I can't say that I've ever heard the argument that a plan led to a famine therefore we should never make plans, when we have great counterexamples that not planning also led to famine. Feels like learning the wrong lesson here.

[edit] I also think it's worth pointing out that America's response to the Dust Bowl was the Farm Bill, which it could be argued is one of the largest-scale examples of central planning in history. It continues to this day, and is part of the reason Americans pay less as a share of their spending on food than any other country on earth.

People say everyone remembers the hits, nobody remembers the misses - but that is the opposite of true for government. Everyone remembers the misses, nobody thinks twice about the hits.

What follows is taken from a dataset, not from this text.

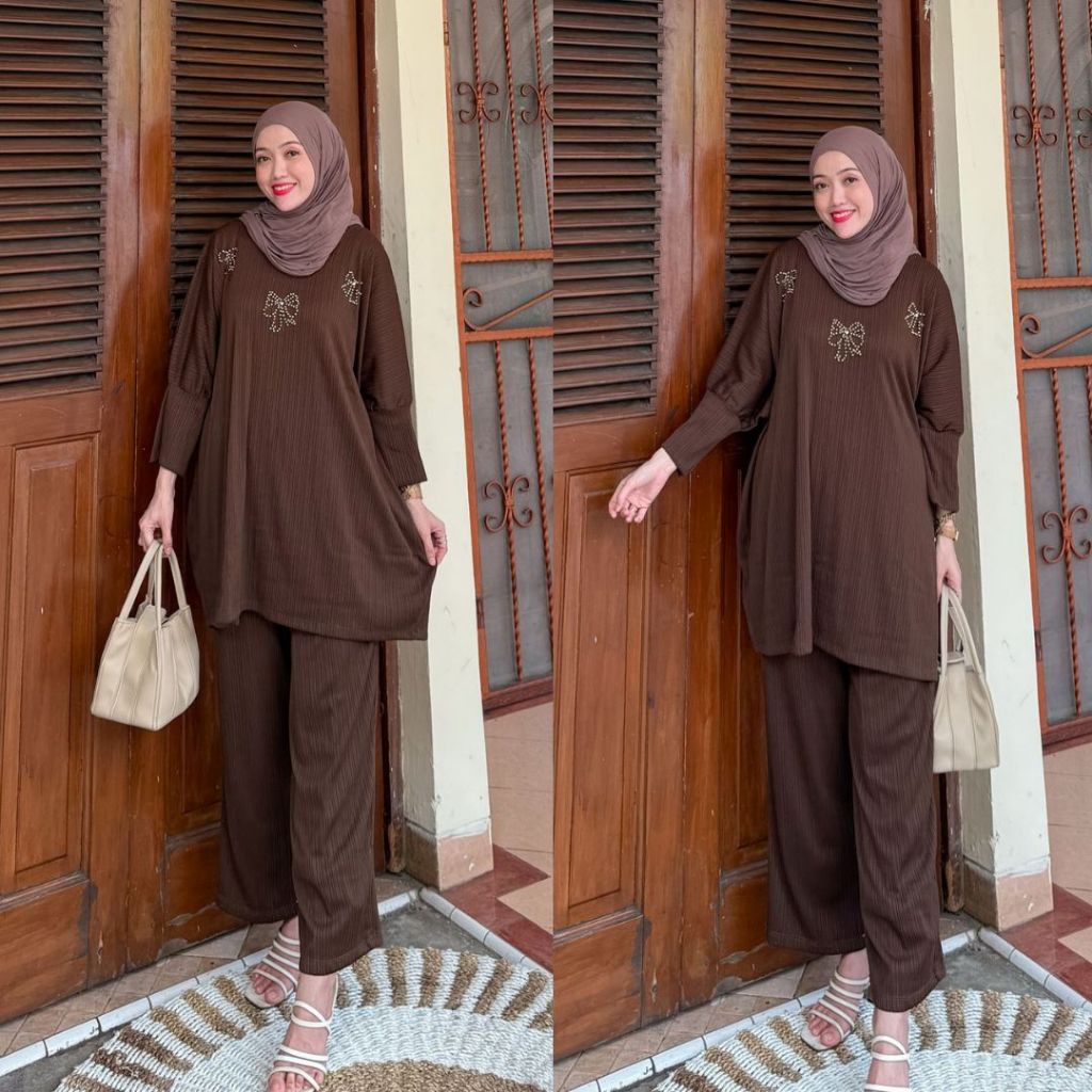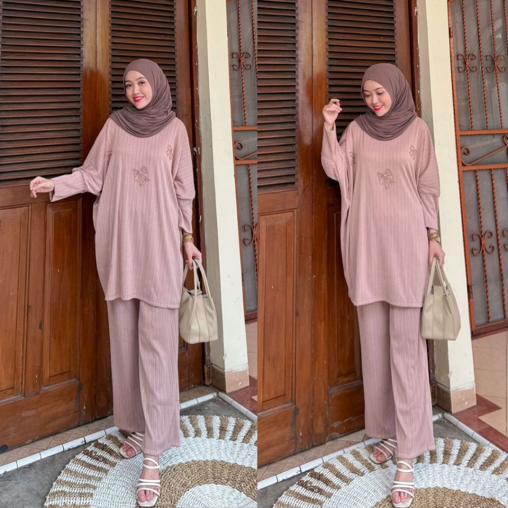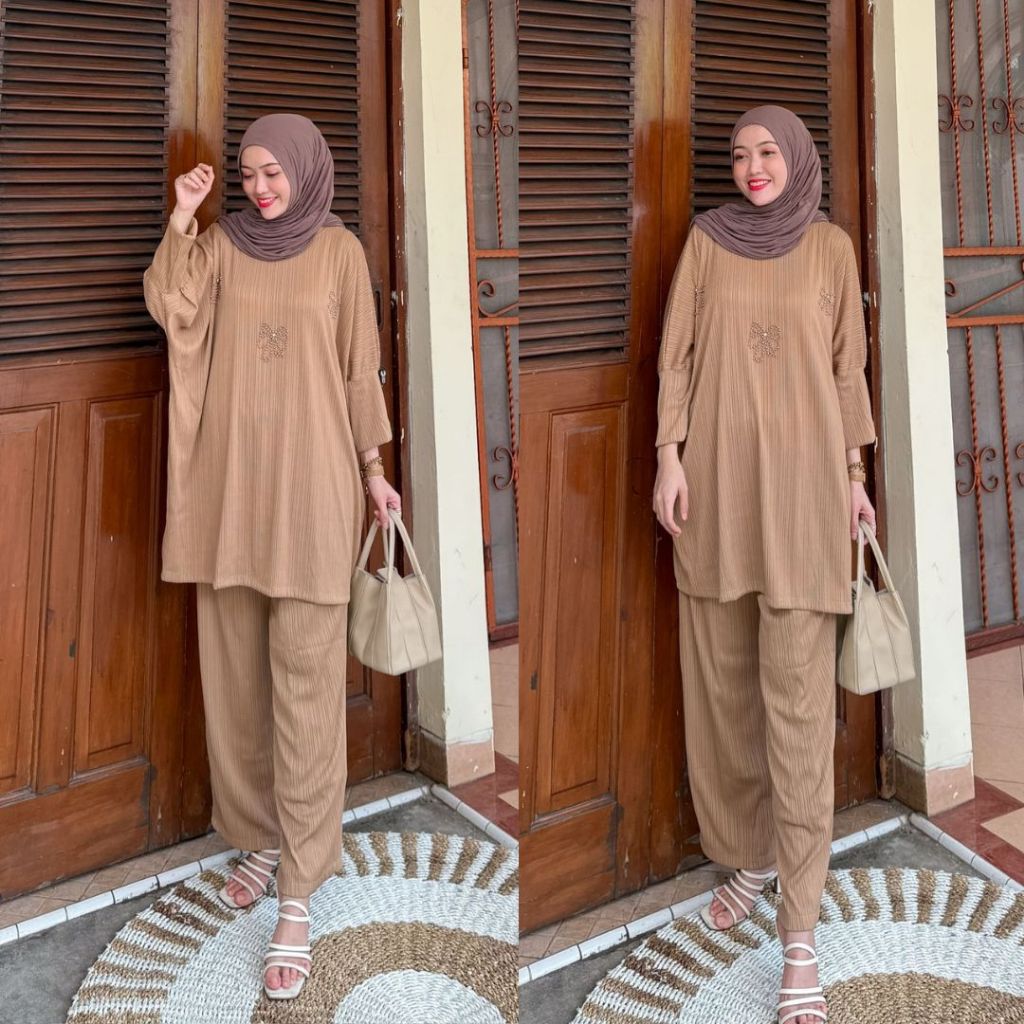 DP 0 New Arrival Erika SetCelana Outfit Daily Kondangan Elegant Bridesmaid OneSet dan Atasan Knit Wanita Muslimah Mewah Wudhu

  • The Irish Potato Famine was a constructed starvation by England to Ireland. All of their real foodstuffs were being stolen by England to run world-level wars everywhere, and the Irish grew what they were permitted to. Potatoes.

    Then the disease hit.

Great leaders use human resources as resources, that's historically why they're great, acquire territory, build state capacity, both at expenditure of regenerating resources - lives. A few 5 year plans that traded a few million lives to save more millions later. And by million we mean low single digit percent, i.e. historic rounding error that isn't remarkable nor worth the fixation except by muh liberal value types.

There's a reason there was persistent Chinese famines before GLF, and none after, because early industrial policies sorted out land resource management via massive rural mobilization/infra/industrial efforts, i.e. why PRC industrialization % and lifespan was vastly higher than developing peers in 70s... that's all because GLF broadly worked, adding about cumulative 200 milliion lives in terms of extended lifespan and likely ~100m+ in terms of averted famine deaths. Most historically competent Chinese leadership is return to farseeing utilitarianism, willing to trade lives for progress, which always sucks for the people during time of upheaval, but ultimately net good.